Bug#486425: ITP: bomstrip -- strip Byte-Order Marks from UTF-8 text files

2008-06-17 Thread Peter Pentchev
On Mon, Jun 16, 2008 at 12:28:52PM +0300, Lars Wirzenius wrote:
 ma, 2008-06-16 kello 12:14 +0300, Peter Pentchev kirjoitti:
  Hm.  Okay, so maybe the two command-line utilities and the collection
  might be separated.  IMHO, the collection *is* still useful on its own :)
  If others share this opinion, I may either create two separate packages,
  or just remove the command-line utilities and file a wishlist bug
  against coreutils or textutils or something like that.  How does that
  strike you?  What do others think?
 
 I wish to ask this question: is packaging this collection directly
 useful to Debian users? How? If the task is to remove BOMs from files,
 then surely that should be served by a one-line sed or perl script (plus
 manual page, copyright license file, etc, so a total cost of about 200
 KiB).
 
 I'm not saying that the collection should not be packaged, I'm just
 finding it hard to imagine it being useful as a Debian package.

Yes, I agree with your reasoning.  Okay then, so the new plan is
to package the bomstrip and bomstrip-files utilities and the manual
page, and leave developers who are interested in the various
implementations to take a look at the source package.
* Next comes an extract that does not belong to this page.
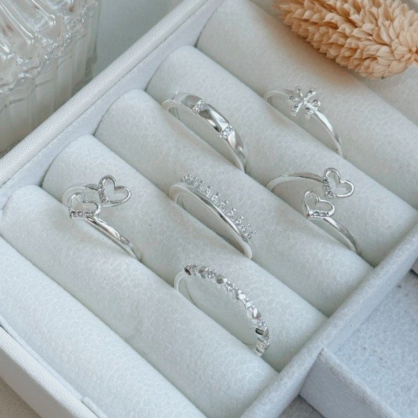 Diseño: Anillo regulable con un corazón calado en cada extremo y detalles en micro cubic cristal

As to the packaging, though, I wonder.  The sed and awk implementations
of bomstrip have problems with files that do not end in a newline.
Thus, I would prefer to package either the Perl or the C implementation.
The C implementation is a bit larger (ELF and stuff), but the Perl
implementation has a run-time dependency on, well, Perl :)
My personal preference would be towards the C version to avoid
the unnecessary dependency, but if people feel that 5 KB is too big
for such a utility, I'll package up the Perl version instead :)

In another message, Bryan Donlan wrote:
 Would the collection really be useful in /binary/ form, however? If
 the goal is to show how easy it is to write, installing a bunch of
 functionally identical
 /usr/bin/bomstrip.{c,ada,cplusplus,haskell,ocaml} binaries won't
 demonstrate much :)

Errr, that would have been true if the package only distributed
the compiled versions; however, the whole point of my original ITP
was to install all the implementations into /usr/share/bomstrip/source/
and only one executable as /usr/bin/bomstrip :) (and a helper tool as
/usr/bin/bomstrip-files, and manpages for both)
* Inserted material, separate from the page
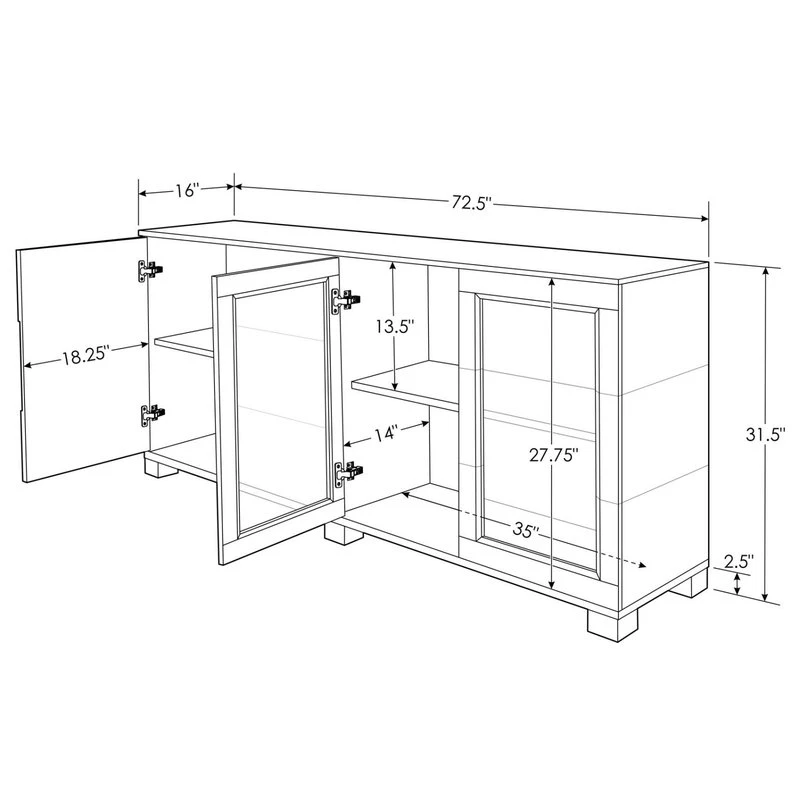 | Size/Weight | W 72.5" / D 16" / H 31.5" / 240 lb. |

But, yep, as I wrote above, the plan now is to only package the tools
and the manpages.

Thanks to everyone for the comments!

G'luck,
Peter

-- 
Peter Pentchev  [EMAIL PROTECTED][EMAIL PROTECTED][EMAIL PROTECTED]
PGP key:http://people.FreeBSD.org/~roam/roam.key.asc
Key fingerprint FDBA FD79 C26F 3C51 C95E  DF9E ED18 B68D 1619 4553
This would easier understand fewer had omitted.


pgpUECzJhZ1Kw.pgp
Description: PGP signature


Bug#486425: ITP: bomstrip -- strip Byte-Order Marks from UTF-8 text files

2008-06-16 Thread Guus Sliepen
On Mon, Jun 16, 2008 at 03:08:02AM +0300, Peter Pentchev wrote:

 * Package name: bomstrip
   Programming Lang: Awk, Brainf*ck, C, C++, Forth, Haskell, OCaml, Ook!,
 Pascal, PHP, Perl, PostScript, Python, Ruby, sed,
   Unlambda

All these programming languages got me wondering. Apparently the same
program is implemented in all these languages. But you only need one to
get the desired functionality. Also, I see the sed variant is just a
one-liner. Perhaps it is better if this functionality is merged with a
package like coreutils or recode, if it is not already there someway.

-- 
Met vriendelijke groet / with kind regards,
  Guus Sliepen [EMAIL PROTECTED]


signature.asc
Description: Digital signature


Bug#486425: ITP: bomstrip -- strip Byte-Order Marks from UTF-8 text files

2008-06-16 Thread Peter Pentchev
On Mon, Jun 16, 2008 at 10:55:47AM +0200, Guus Sliepen wrote:
 On Mon, Jun 16, 2008 at 03:08:02AM +0300, Peter Pentchev wrote:
 
  * Package name: bomstrip
Programming Lang: Awk, Brainf*ck, C, C++, Forth, Haskell, OCaml, Ook!,
  Pascal, PHP, Perl, PostScript, Python, Ruby, sed,
  Unlambda
 
 All these programming languages got me wondering. Apparently the same
 program is implemented in all these languages. But you only need one to
 get the desired functionality. Also, I see the sed variant is just a
 one-liner. Perhaps it is better if this functionality is merged with a
 package like coreutils or recode, if it is not already there someway.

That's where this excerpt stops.